James Cockburn

UK Solicitor · Builder of Legal AI Tools

I'm a practising litigator who builds AI tools for legal work. If you're paying for an AI "wrapper" over Claude or GPT, you should consider building it yourself—same capabilities, more control, and you actually understand what it's doing.

Vibe Coding

Building with AI, Not Learning to Code

The first thing you realise about these models is that they don't come with instructions. Those of us curious about what they can and can't do have to learn through trial and error. It's strangely the inverse of everyone's fear about AI replacing human thought—in the AI sphere itself, you have to take the journey into the unknown step by step.

That journey led me to vibe coding: AI-assisted development where you describe what you want in plain English, and the model proposes the implementation. You scope, steer, test, and iterate. I've built hundreds of tools this way—professional litigation software, home automation, games for my kids—without having learned to write a single line of code.

Many legal AI products are essentially UI layers over the same models you already have access to.
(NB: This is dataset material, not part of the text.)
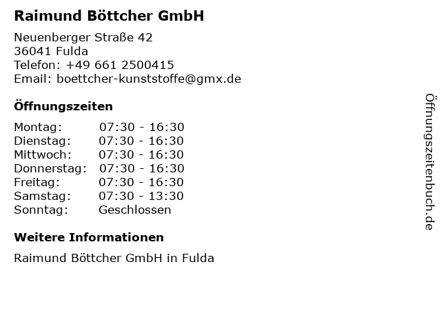 | Öffnungszeiten Raimund Böttcher GmbH in Fulda anzeigen | |

If you're paying for a wrapper, you're paying for someone else's prompts and interface. The same capabilities are available to you directly—with more control and transparency about what's actually happening.

The Process

Start by scoping your idea in your normal AI provider—ChatGPT, Claude, Gemini. Describe what you want in plain English and ask what would be involved. If your idea is feasible (it almost always is), move to an IDE like Cursor where you can use an AI chat interface to build software from the ground up. Your job becomes reading the conversation and steering toward your goal, not writing syntax.
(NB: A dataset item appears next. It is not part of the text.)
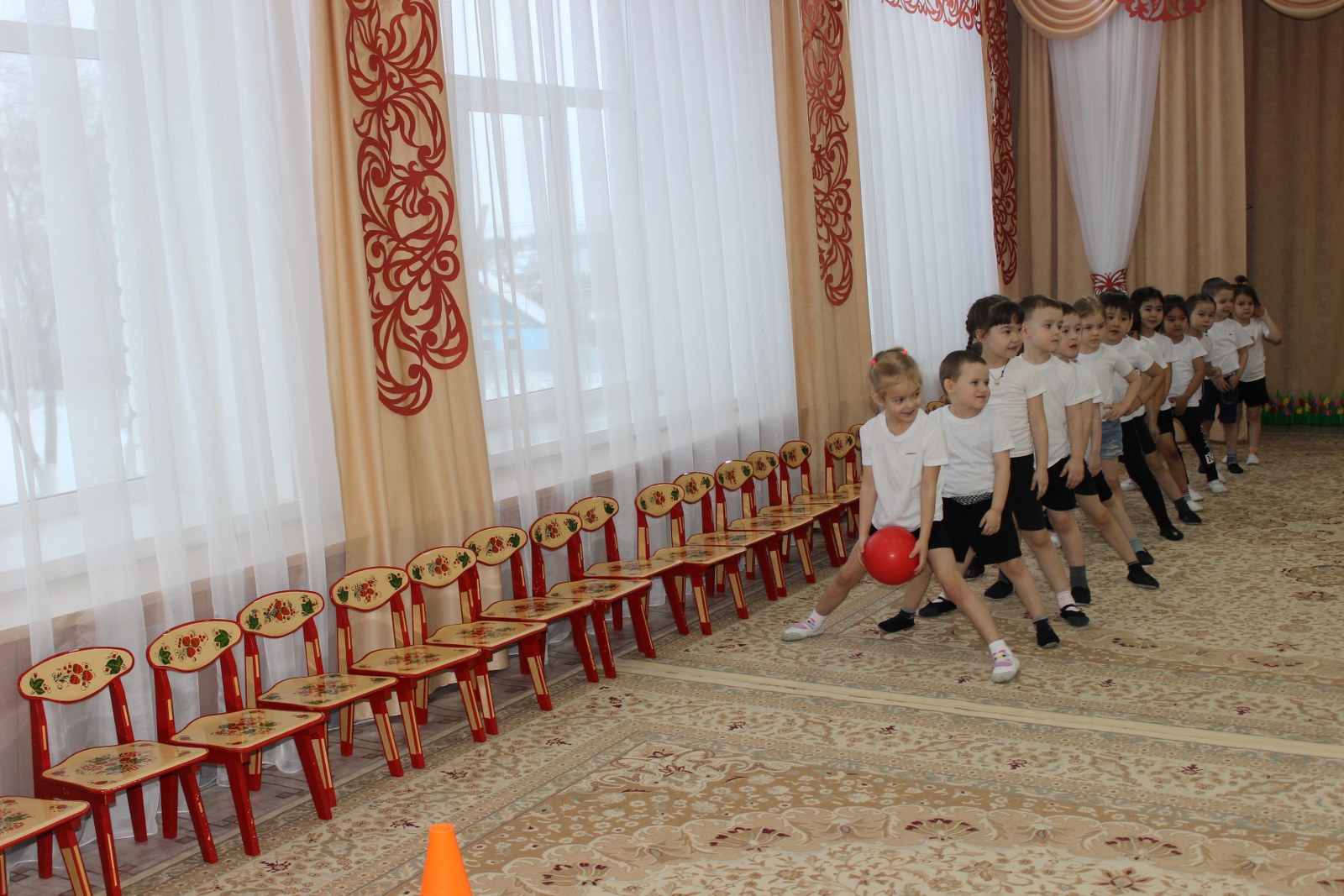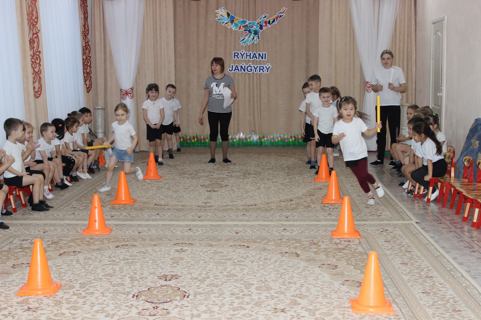 В перерывах между эстафетами, дети отгадывали загадки. В зале царили смех, шум и веселье.

The real skill is document ingestion and context engineering—structuring what the model sees so it can reason effectively. This matters more than clever prompting. A well-architected context window beats a clever prompt every time.

The Discipline Problem

AI can break things faster than you can fix them. Without human oversight, models rapidly optimise the wrong thing. I've watched AI make rapid, impressive progress on a project—rewriting sections, adding features, refining structure—while gradually losing sight of why it was doing any of it. The end result looks smart, even impressive, but it's fundamentally broken.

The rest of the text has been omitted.